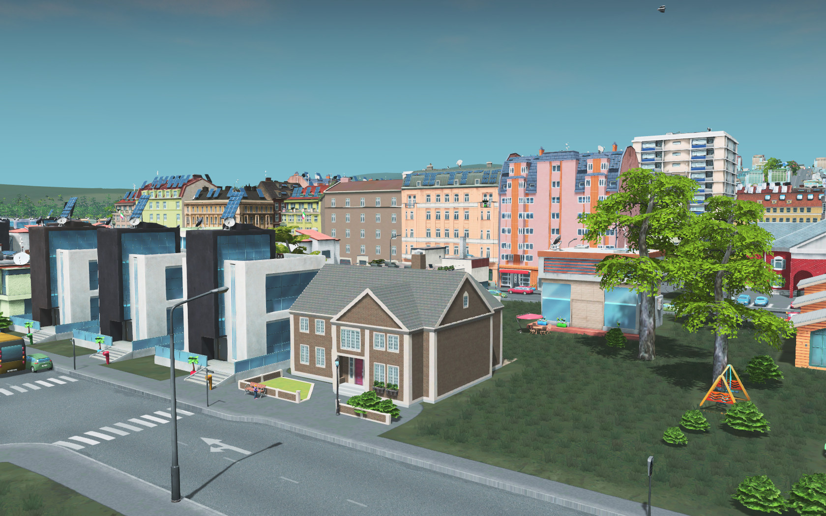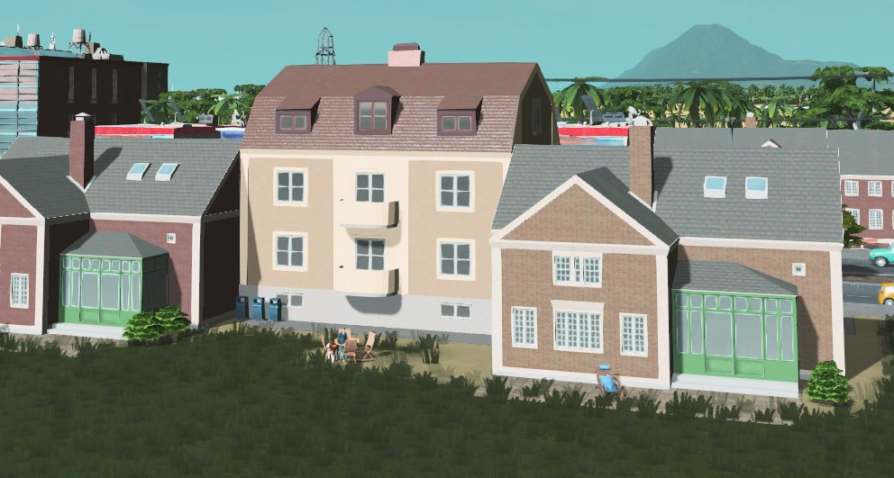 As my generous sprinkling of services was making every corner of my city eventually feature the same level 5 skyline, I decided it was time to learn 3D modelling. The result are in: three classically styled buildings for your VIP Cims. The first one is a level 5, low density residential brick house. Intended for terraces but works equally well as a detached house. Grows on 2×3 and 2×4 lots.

...

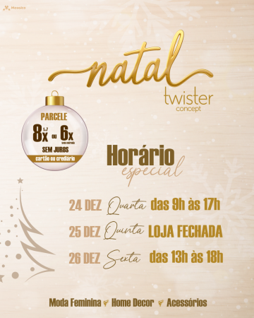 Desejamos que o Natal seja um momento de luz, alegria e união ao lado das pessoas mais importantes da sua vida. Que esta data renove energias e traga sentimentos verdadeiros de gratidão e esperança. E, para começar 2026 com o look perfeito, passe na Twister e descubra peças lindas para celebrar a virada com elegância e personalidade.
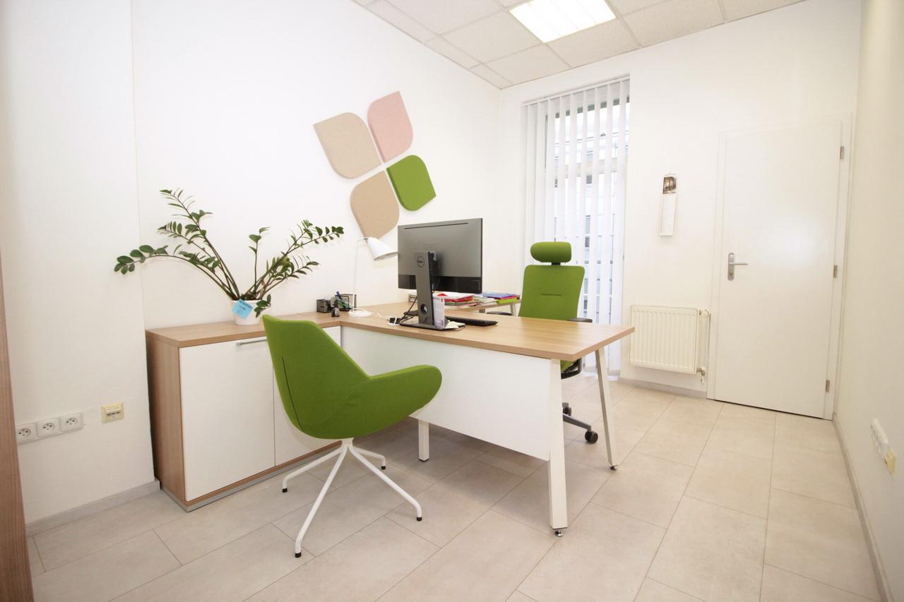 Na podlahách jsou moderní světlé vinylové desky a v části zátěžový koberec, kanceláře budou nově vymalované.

### Your objective
From the data above, return only the lines starting at the line that holds "Desejamos que o" and ending at the line that holds "Na podlahách jsou", word for word and without pictures.

### Answer area
 Desejamos que o Natal seja um momento de luz, alegria e união ao lado das pessoas mais importantes da sua vida. Que esta data renove energias e traga sentimentos verdadeiros de gratidão e esperança. E, para começar 2026 com o look perfeito, passe na Twister e descubra peças lindas para celebrar a virada com elegância e personalidade.
 Na podlahách jsou moderní světlé vinylové desky a v části zátěžový koberec, kanceláře budou nově vymalované.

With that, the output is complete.